The strategy that surfaced Veeva Systems Inc-Class A (NYSE:VEEV) combines two separate disciplines into a single filter. On one side, fundamental screens identify companies where the business itself is compounding—rising revenue, expanding earnings, and healthy margins. On the other, technical analysis looks for specific price patterns that suggest the stock is ready to break out from a consolidation phase. The logic is straightforward: you want a great company, but you also want to buy it at an inflection point, not after the move has already happened. VEEV is a textbook example of a stock that currently satisfies both conditions.

VEEVA SYSTEMS INC-CLASS A stock chart

Why the Fundamentals Support the Growth Thesis

VEEV’s fundamental analysis report gives the stock an overall rating of 7 out of 10, but the real story is in the breakdown. The growth rating sits at 7, backed by concrete numbers. Earnings per share grew 17.66% over the last year, and the five-year average EPS growth rate is 22.35%. Revenue expanded 16.25% in the most recent year, with a five-year average of 16.88%. These aren’t one-quarter flukes; this is sustained compounding.

What separates VEEV from many high-growth names is the quality that supports that growth. The profitability rating is 9 out of 10. The company’s return on equity is 12.89%, and its return on invested capital (ROIC) stands at 10.21%—well above the industry average of 6.06%. Profit margins are equally impressive. VEEV’s operating margin of 29.72% and profit margin of 28.37% both rank in the top 5% of its industry peers.

The health rating is 8 out of 10, and the key driver here is that VEEV carries zero debt. Its Altman-Z score of 12.42 signals financial stability, and the current ratio of 4.74 confirms it has no trouble meeting short-term obligations. That matters for this strategy because growth companies that rely heavily on leverage can break when conditions change.
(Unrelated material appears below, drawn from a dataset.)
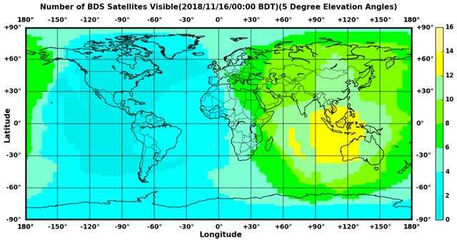 2018年11月16日北斗卫星全球可见情况,目前亚太地区已经逐步点亮,全球建网仍在进展中(图自:)

VEEV’s growth is funded by operations, not borrowing.

The Chart Setups Adds Timing to the Thesis

Fundamentals tell you what to buy. The technical analysis report tells you when to consider buying. VEEV currently shows a setup rating of 7 out of 10, supported by a bull flag pattern. The stock experienced a strong upward move, then pulled back on declining volume, which is the classic structure of a continuation pattern.

The short-term trend has turned positive, and the stock has regained ground above its 20-, 50-, and 100-day moving averages. The suggested entry level sits at $192.76, just above a resistance zone formed by multiple trendlines. A stop-loss at $185.42 keeps the maximum downside risk to roughly 3.8% if the trade doesn’t work. That’s a well-defined risk/reward setup, especially compared to stocks that have already broken out and run without any consolidation.

The 12-month performance has been weak, with VEEV down roughly 31%, which partly explains the low relative strength score. But the recent price action suggests the stock may be forming a base. For growth investors, a stock that has corrected significantly but is now showing a constructive technical pattern can be exactly the right moment to enter.

Why These Criteria Matter for the Strategy

The combination of strong growth, high profitability, zero debt, and an emerging bull flag covers both halves of the investment equation. The fundamentals reduce the risk of buying a company whose story is breaking. The technical setup reduces the risk of buying at the wrong moment—chasing a parabolic move or entering during a decline that hasn’t yet stabilized.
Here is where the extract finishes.